§ What you are asked to do: Pull every line that includes the word "with" out of the data below and copy it.

§ Source data:
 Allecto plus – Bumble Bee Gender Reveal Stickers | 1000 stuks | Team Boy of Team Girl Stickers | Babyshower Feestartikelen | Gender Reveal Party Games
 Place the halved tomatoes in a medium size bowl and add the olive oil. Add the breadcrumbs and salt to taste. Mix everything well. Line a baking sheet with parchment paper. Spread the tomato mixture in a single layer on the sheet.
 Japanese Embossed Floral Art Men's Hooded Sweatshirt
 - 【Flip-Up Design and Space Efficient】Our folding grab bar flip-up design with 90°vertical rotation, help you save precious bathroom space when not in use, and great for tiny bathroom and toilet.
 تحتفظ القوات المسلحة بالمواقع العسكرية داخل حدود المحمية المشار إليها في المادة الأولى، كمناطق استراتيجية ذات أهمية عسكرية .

--

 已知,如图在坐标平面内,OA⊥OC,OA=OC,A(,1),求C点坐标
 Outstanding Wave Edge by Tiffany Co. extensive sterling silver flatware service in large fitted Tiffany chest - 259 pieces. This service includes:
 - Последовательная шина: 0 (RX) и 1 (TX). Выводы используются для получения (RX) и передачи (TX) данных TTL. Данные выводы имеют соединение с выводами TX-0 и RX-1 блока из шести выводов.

§ Answer to the problem:
 Place the halved tomatoes in a medium size bowl and add the olive oil. Add the breadcrumbs and salt to taste. Mix everything well. Line a baking sheet with parchment paper. Spread the tomato mixture in a single layer on the sheet.
 - 【Flip-Up Design and Space Efficient】Our folding grab bar flip-up design with 90°vertical rotation, help you save precious bathroom space when not in use, and great for tiny bathroom and toilet.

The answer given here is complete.